Figure 1.
BAFFR-Fc and TACI-Fc, but not Fn14-Fc, induce signals in bone marrow-derived macrophages.
Bone marrow-derived cells from C57BL/6 mice were stimulated for the indicated time with BAFFR-Fc, TACI-Fc or Fn14-Fc at 10 µg/ml, or with LPS at 50 ng/ml. Cells were lysed in sample buffer and analyzed by Western blotting with the indicated antibodies.
Figure 2.
BAFFR-Fc and TACI-Fc, but not Fn14-Fc, induce signals in THP1 and U937 cells, but not in BAFF-expressing 293 cells.

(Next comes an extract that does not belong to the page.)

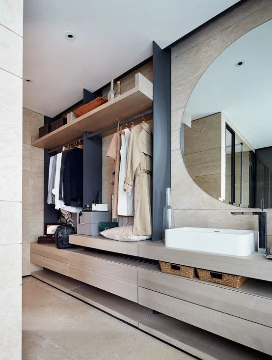半开放式的主卫兼具不同的动线。靠近卧室的一面隔断预留门洞,打开推拉门即可直接从卧室步入卫浴间,进而深入到步入式衣帽间,大大缩短了动线,为主人日常起居提供便利。

Panel A: THP1 cells were stimulated with BAFFR-Fc, TACI-Fc, Fn14-Fc (all at 5 µg/ml) or LPS (50 ng/ml) for the indicated times. In the P-IκBα blot, bands marked “*” are remnants of the P-ERK blot. The P-IκBα band is just underneath, indicated with an arrow. Bands in the P-ERK blot were quantified, normalized to the intensity of P-ERK at time zero, and plotted as a function of time. Panel B: same as panel A, except that the experiment was performed with U937 cells. Panel C: HEK-293 cells were stimulated with 5 µg/ml of BAFFR-Fc or with 100 nM PMA for the indicated time. Panel D: same as panel C, except that HEK-293 cells stably expressing full-length BAFF [22] were used. In all panels, all extracts were analyzed by western blotting using the indicated antibodies.
Figure 3.
Signalling by BAFFR-Fc and TACI-Fc also takes place in APRIL−/− and BAFF−/− BMDMs, and is not increased in BMDMs with uncleavable BAFF.

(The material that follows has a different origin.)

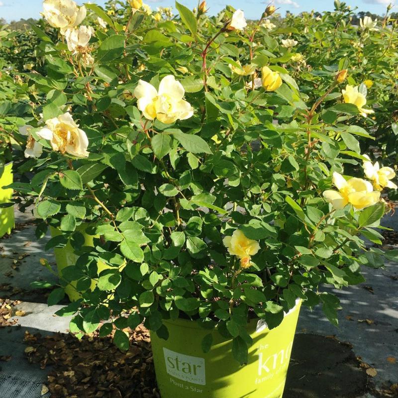 Extended Features: Beautiful yellow blooms. Flowers bloom all summer on compact mounded shrubs. Makes a great accent in any garden. Excellent disease resistance. Plant in full sun for best flowering. FEATURES: Botanical Name: Rosa 'Radsunny' PP18,562 Common Name: Rose Sunny Knock Out® Features: Heat Tolerant, Fragrant, Self-Cleaning Bloom Time: Spring - Winter Light Requirements: Full Sun Attracts Butterflies, Hummingbirds Resists Disease Mature Plant Size: 3 feet Zone 4 - 9 The Knock Out® Roses

Bone marrow-derived macrophages from various mice in the C57BL/6 background were stimulated for the indicated times with BAFFR-Fc, TACI-Fc or Fn14-Fc at 5 µg/ml, or with LPS at 50 ng/ml. Cells were lysed and analyzed by Western blotting with the indicated antibodies. Panel A: wt BMDMs. Panel B: APRIL−/− BMDMs. Panel C: BAFF−/− BMDMs. Panel D: BMDMs from BAFF−/− mice overexpressing non-cleavable BAFF from a BAC transgene [23]. *: as judged by the anti-tubulin blot, less sample was accidentally loaded.
Figure 4.
Gel filtration analysis of BAFFR-Fc, TACI-Fc, Fn14-Fc and atacicept.

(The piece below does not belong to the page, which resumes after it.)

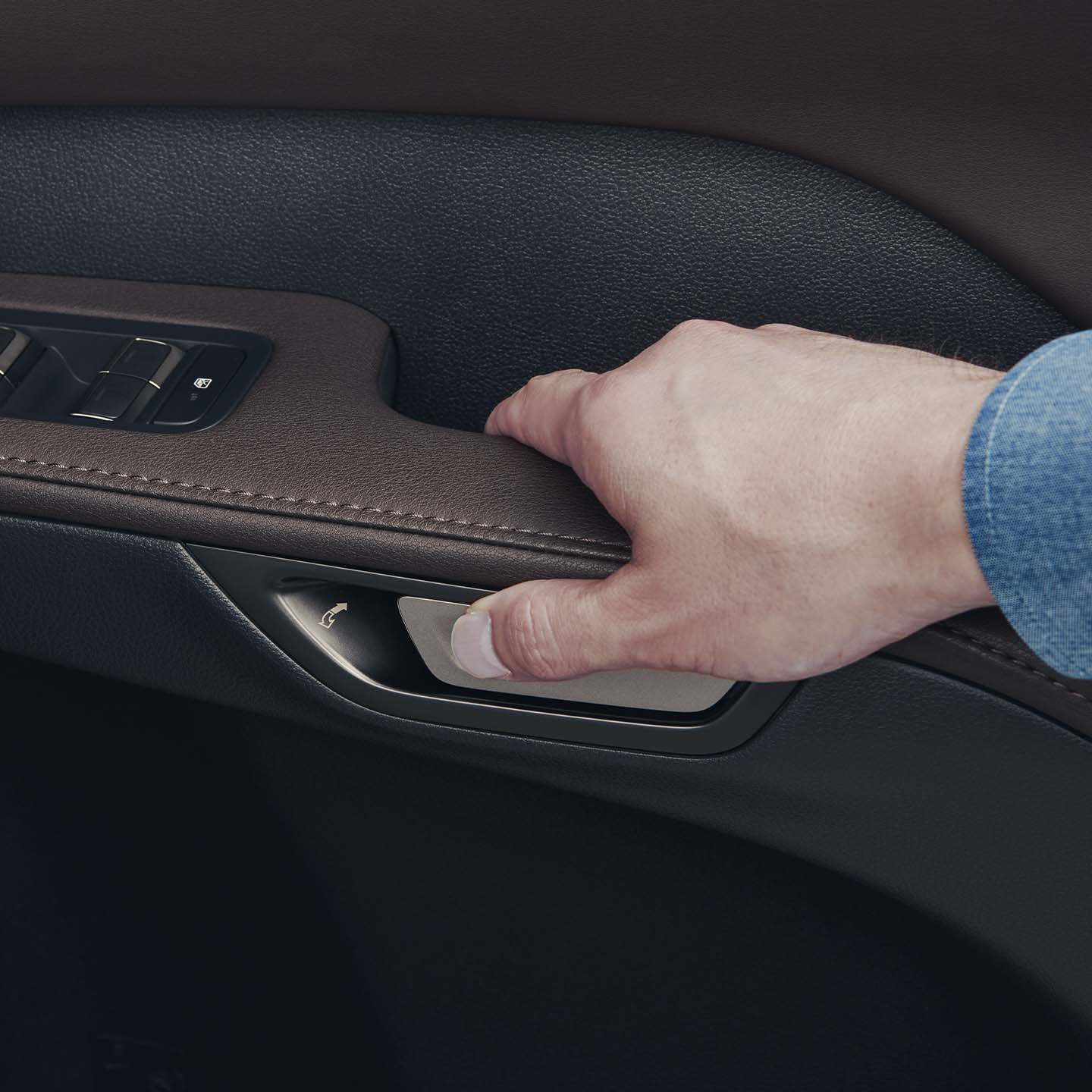 e-ラッチアウトサイドドアハンドル(足元&ドアハンドル照明付)/e-ラッチインサイドドアハンドル 滑らかに動く障子のように、無駄な動きなく一定の力でドア開閉を行えるよう、従来のメカ機構によるアンラッチを電気制御に置き換えたe-ラッチを搭載しました。乗車時のドア開操作では、ドアを引く動作そのままにハンドル裏に設けたスイッチを押してドアオープン。降車時のドア開操作でもプルハンドルをグリップしたままでスイッチを押して、ワンアクションでのスムーズなドアオープンを可能にしました。

Panel A. Superdex-200 elution profiles of the indicated receptors-Fc monitored at 280 nm. The elution position of molecular mass standards is indicated at the top of the profiles. Panel B. BMDMs were treated with TACI-Fc obtained before (total preparation) or after size exclusion chromatography (fraction 8 with high molecular mass aggregates and fraction 14 with dimeric TACI-Fc). Cells were also treated with atacicept (before size fractionation), a form of TACI-Fc unable to bind to Fc receptors. Cell activation was monitored by western blotting with an anti-phospho ERK1/2 antibody. Panel C. BAFF-sensitive BAFFR:Fas expressing cells were stimulated with the indicated concentration of BAFF 60-mer, in the presence or absence of atacicept at a fixed concentration of 300 ng/ml. Cell viability was monitored with a colorimetric assay.
Figure 5.
Impaired TACI-Fc signalling in FcRγ−/− BMDMs.
Bone marrow-derived macrophages from WT and FcRγ−/− C57BL/6 mice were stimulated for the indicated times with TACI-Fc at 10 µg/ml, atacicept at 10 µg/ml, or with LPS at 50 ng/ml. Cell extracts were analyzed by western blotting with the indicated antibodies.